== What you will do ==
Copy out, unchanged, the entries below from the "Vesela edukativna drvena" line to the final line. Omit pictures.

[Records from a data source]
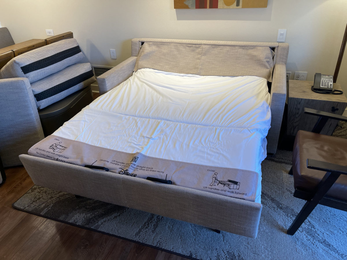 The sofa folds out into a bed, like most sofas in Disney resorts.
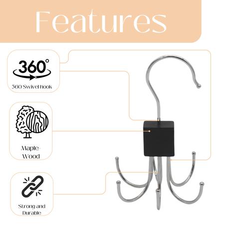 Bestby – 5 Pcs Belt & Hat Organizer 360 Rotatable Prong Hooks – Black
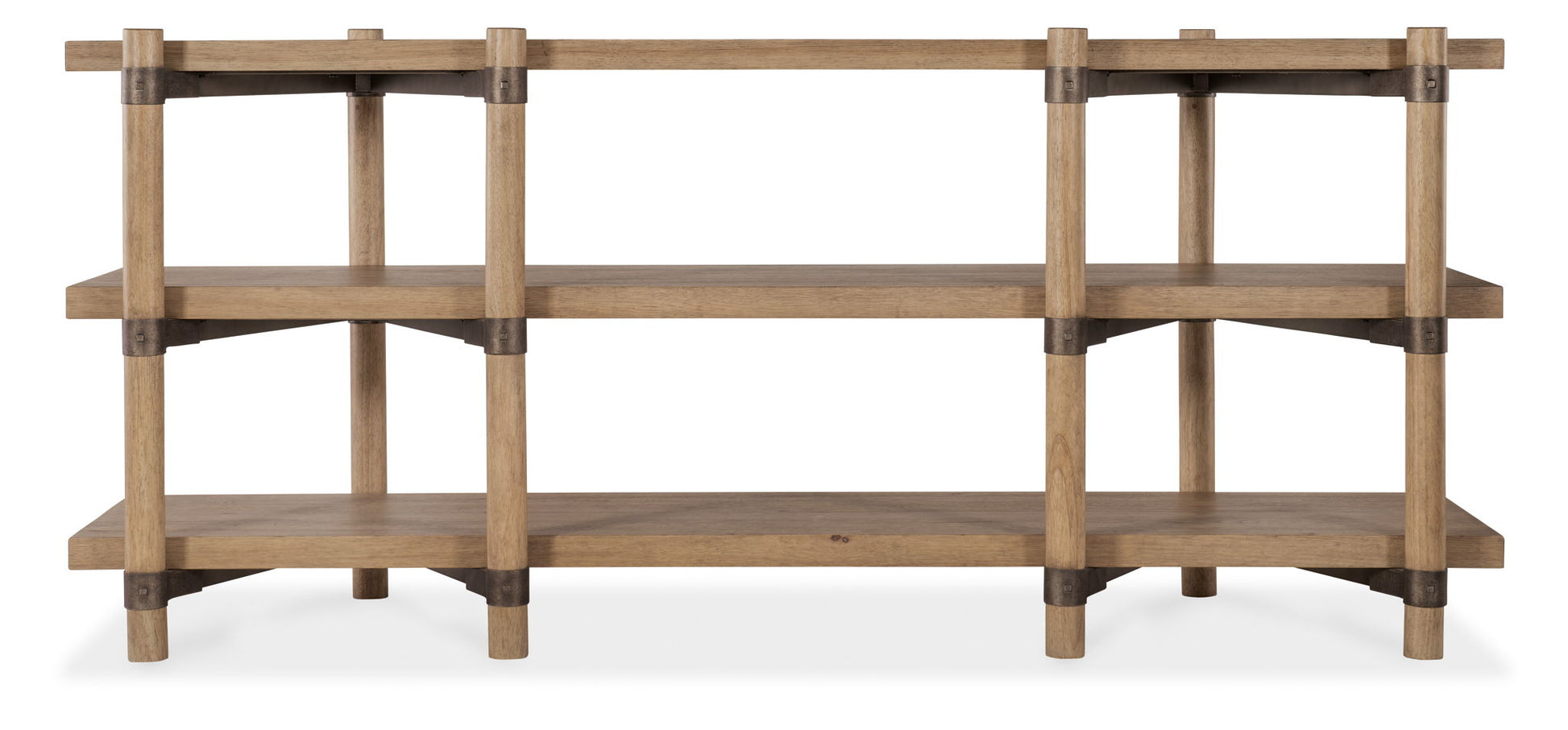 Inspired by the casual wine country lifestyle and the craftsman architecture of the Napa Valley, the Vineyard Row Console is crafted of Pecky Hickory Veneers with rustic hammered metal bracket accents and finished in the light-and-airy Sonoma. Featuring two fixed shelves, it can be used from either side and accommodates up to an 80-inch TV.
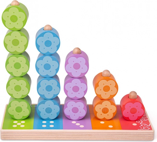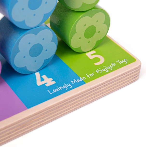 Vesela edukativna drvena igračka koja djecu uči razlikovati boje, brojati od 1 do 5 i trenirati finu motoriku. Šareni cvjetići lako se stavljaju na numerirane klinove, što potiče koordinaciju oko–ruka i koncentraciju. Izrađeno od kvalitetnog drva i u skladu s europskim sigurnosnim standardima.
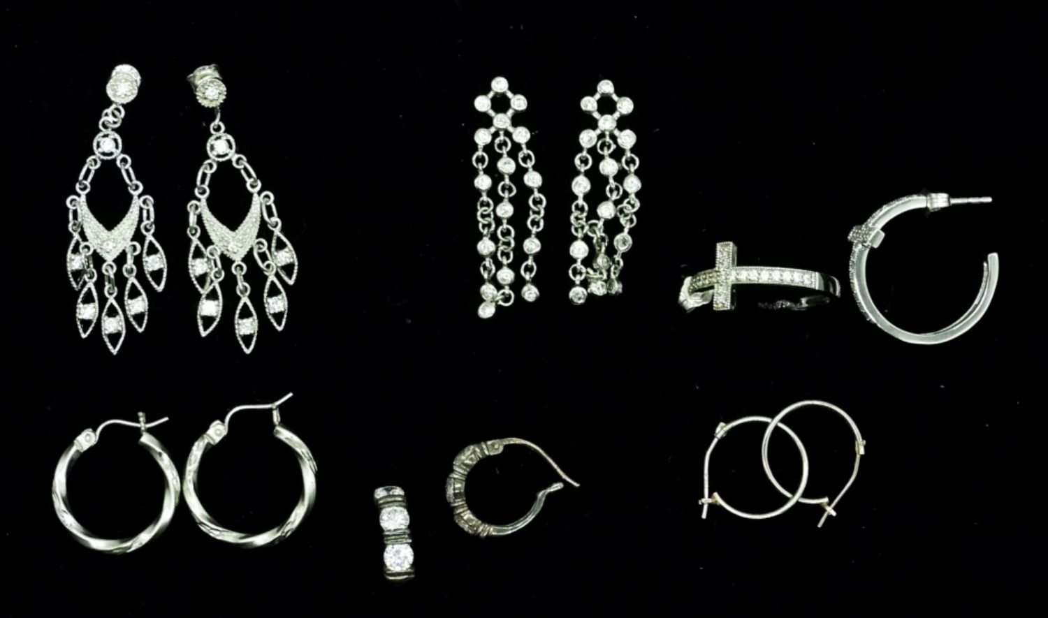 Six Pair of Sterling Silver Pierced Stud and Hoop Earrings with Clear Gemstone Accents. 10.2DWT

== Answer to this problem ==
 Vesela edukativna drvena igračka koja djecu uči razlikovati boje, brojati od 1 do 5 i trenirati finu motoriku. Šareni cvjetići lako se stavljaju na numerirane klinove, što potiče koordinaciju oko–ruka i koncentraciju. Izrađeno od kvalitetnog drva i u skladu s europskim sigurnosnim standardima.
 Six Pair of Sterling Silver Pierced Stud and Hoop Earrings with Clear Gemstone Accents. 10.2DWT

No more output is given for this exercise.